Iciar Hernández Pineda, Finalista del «II Certamen de Relato Corto» del Colegio Virgen del Mar

Crónicas de un viaje interminable

Es 15 de julio de 1945 y me ahogo. Sé que solo llevamos aquí poco más de tres años y que aún nos queda mucho por delante, pero me ahogo. La espera me ahoga, la desesperación me ahoga, saber que puede que muera por ahogamiento antes de llegar a nuestro destino, me ahoga. Prácticamente me estoy muriendo aquí dentro y no puedo hacer nada al respecto. Pero debo continuar, sé que debo continuar. Se lo debo a ellos. Me lo debo a mí. Como cada mañana me despierto y me doy cuenta de que nada ha cambiado, de que sigo encerrada aquí dentro, rodeada de extraños, personas que incluso después de tres años, no son nada más que eso, extraños. Pero la vida continúa, o al menos eso dicen.

 

Grito. Grito porque lo necesito, grito porque nadie está escuchando. Es en ese momento cuando me doy cuenta de que no puedo respirar, de que las gotas de agua me llenan los pulmones de tal manera que soy incapaz de respirar, de que no me importa. Salgo de la ducha, y una corriente de realidad en forma de aire frío me recorre, recordándome que debo seguir.

 

Me muero de hambre y me dirijo a la cocina. De camino me veo a Pam, quien como siempre se encuentra dando vueltas sin sentido y murmurando cosas prácticamente inaudibles. Es en ocasiones como esta, cuando pregunto si alguien alguna vez se ha parado a escucharla. Intento alejar ese pensamiento de mi cabeza, principalmente porque son las ocho de la mañana y no tengo ni la fuerza ni el ánimo necesarios para ese tipo de preguntas.

 

Llego a la cocina y ahí está él, como todas las mañanas desde hace más de tres años. Descafeinado con leche. Noto como baja por mi cuerpo. Me quema, pero está bien. Me pregunta cómo he dormido y siento que por primera vez hay alguien al que verdaderamente le interesa la respuesta. Pero le miento, le miento porque es más fácil así. Me mira y por un momento olvido que estoy aquí.  Es ahí cuando me doy cuenta de lo mucho que lo necesitaba.

 

Estoy de camino a la sala de mando cuando me detengo. Me detengo en seco. Me toma unos segundos procesar lo que acaba de pasar. En cuanto lo hago, me doy la vuelta desesperadamente esperando verla allí.

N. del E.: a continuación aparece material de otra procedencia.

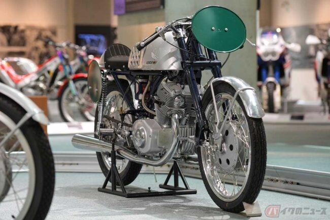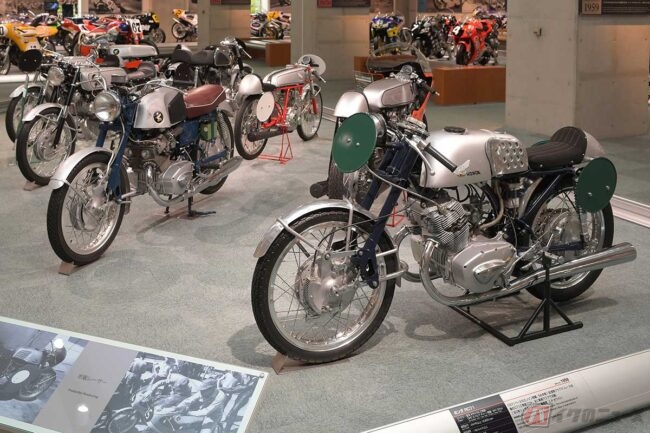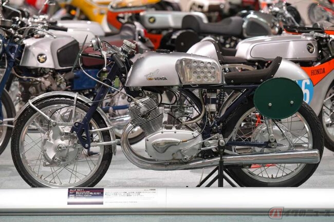 1958年(昭和33年)に登場したホンダ「RC71」は、ホンダの初期のレーシングマシンの1台です。車両展示されていたホンダコレクションホール(2024年の改装前に撮影)の説明文によると、浅間火山レースに出場した「C71Z」をベースにした発展プロトモデルで、1960年にシンガポールのレースで優勝した、とあります。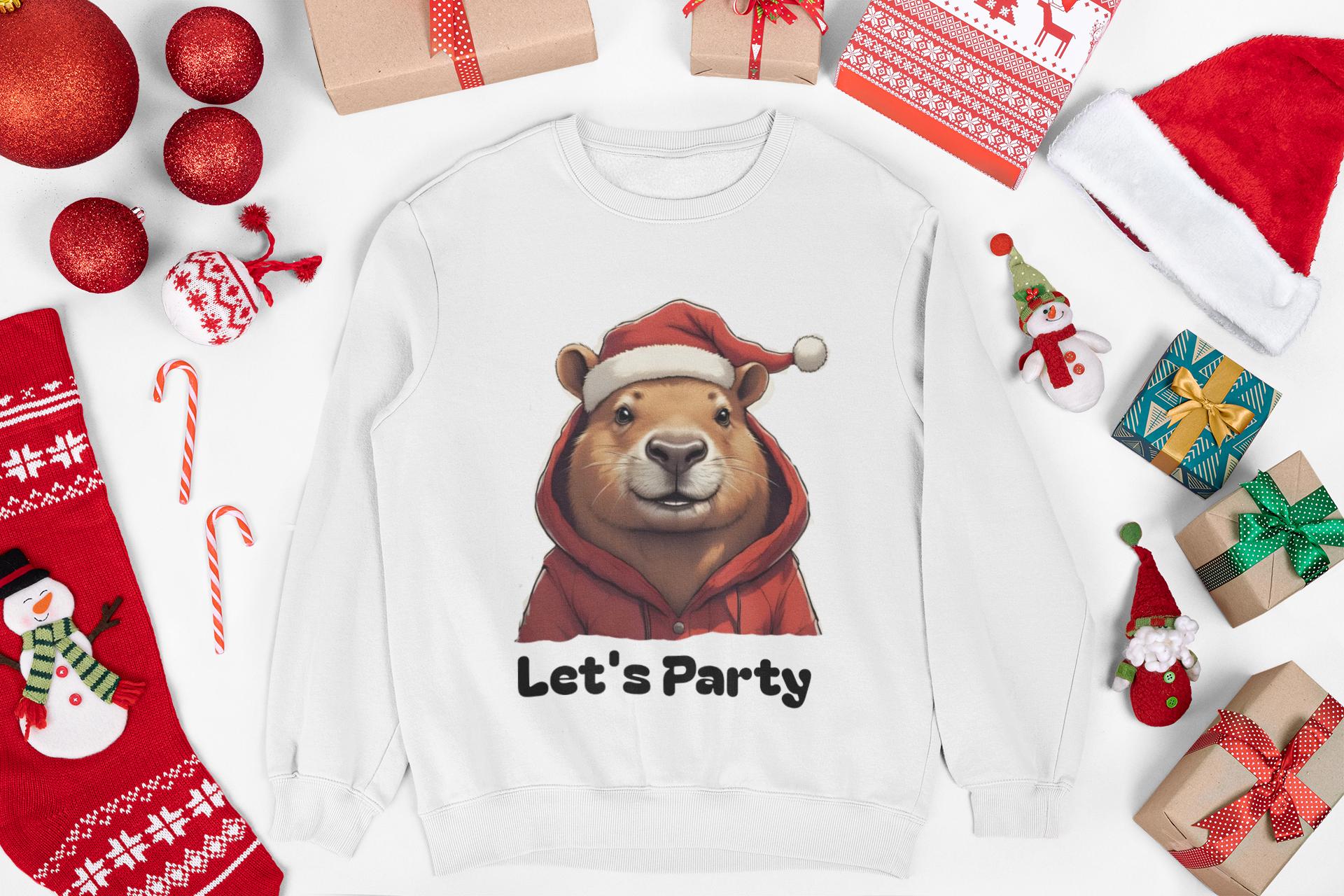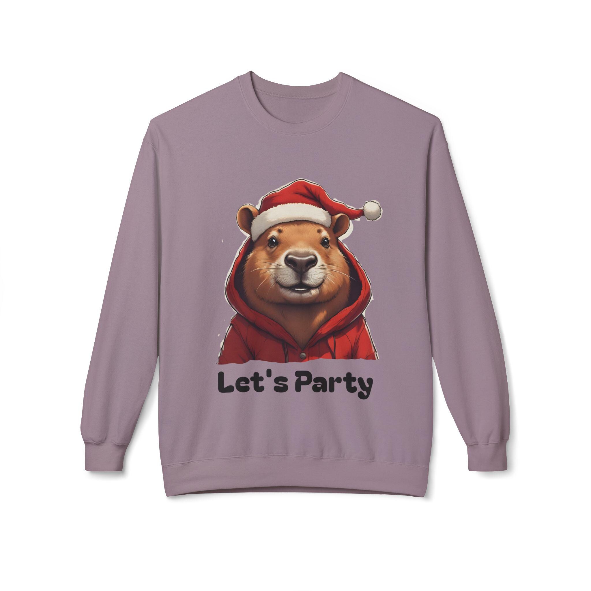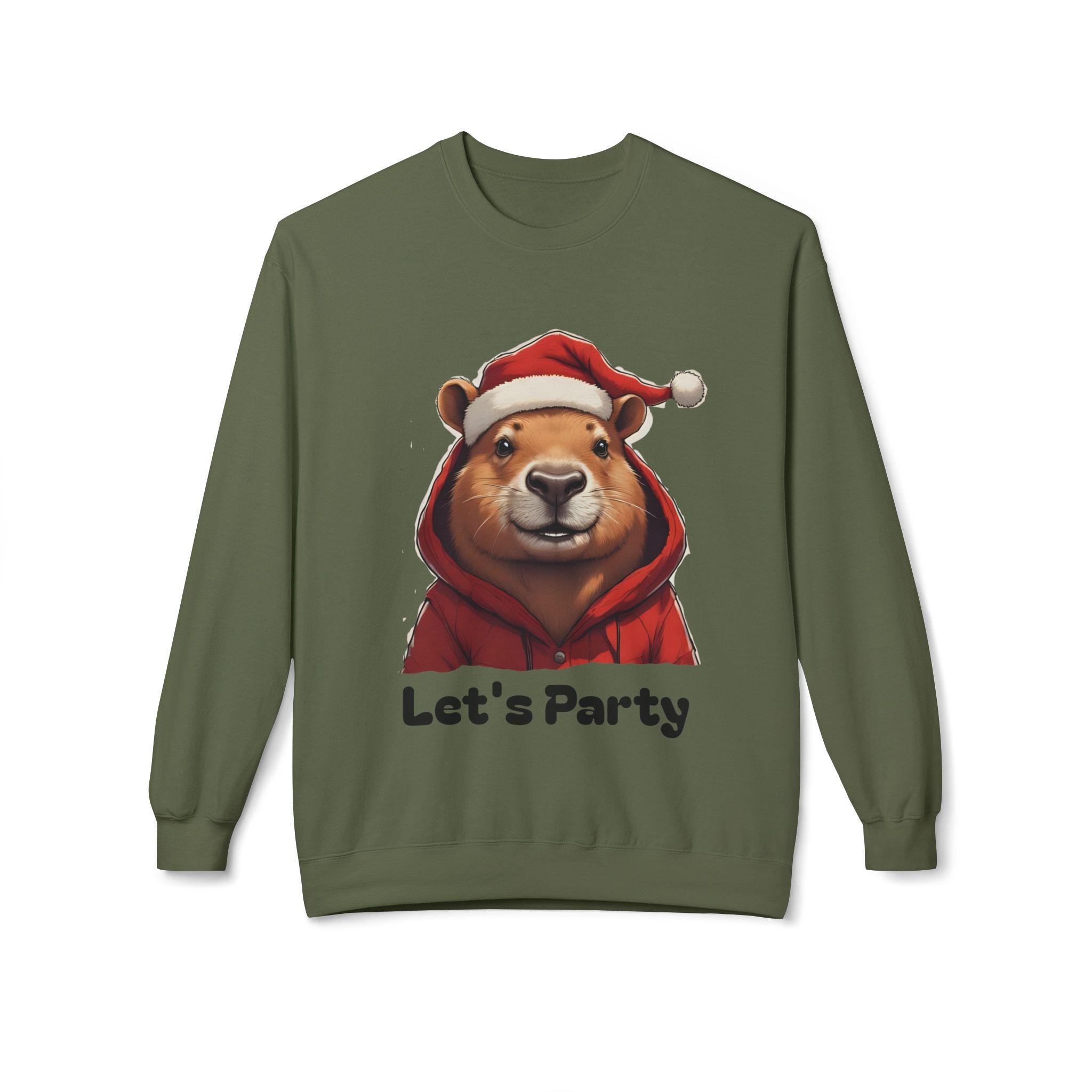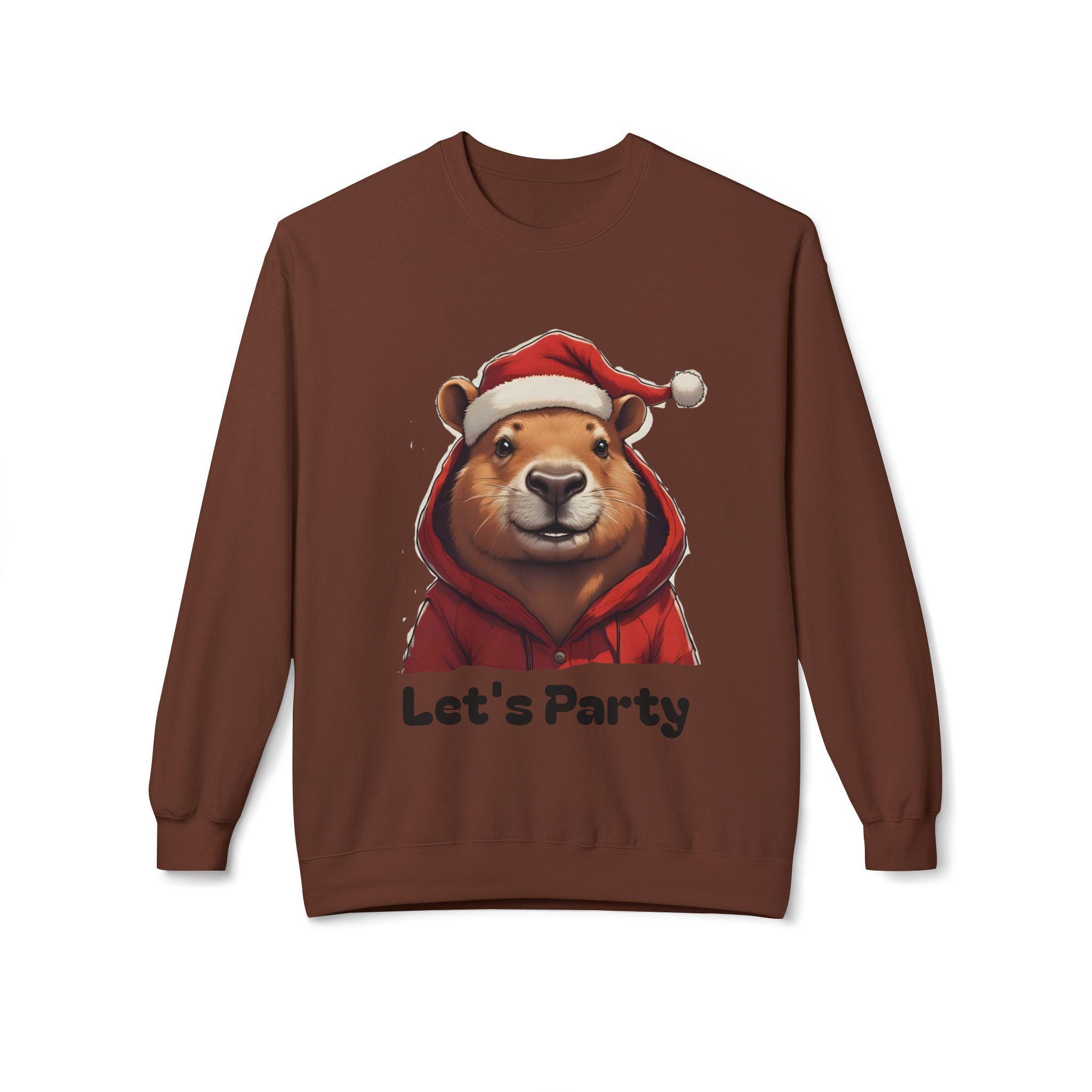 A cozy midweight crewneck sweatshirt featuring a playful bear in a red hoodie and Santa hat with the cheerful caption “Let’s Party!”. Soft ring-spun cotton and polyester knit gives a warm, slightly structured feel that holds printed detail well. The relaxed dropped shoulders and classic fit make it easy to layer over shirts or wear on its own for low-key holiday gatherings. Subtle ribbed cuffs and hem with spandex keep the shape after wear, while the tubular, no-side-seam construction produces a smooth, clean silhouette. This sweatshirt brings a bit of winter whimsy to casual days—wear it to light up a party, family movie night, or a stroll through snowy streets.

No lo hago, lo cual me desespera aún más. Consigo el autocontrol suficiente para pararme a asimilar. Intento buscarle una explicación racional. No la hay. Salgo corriendo, sin idea alguna de adonde me dirijo. Simplemente corro, corro por mi vida, corro porque siento que si no lo hago, puede que muera allí mismo. No sé por cuánto tiempo estoy así.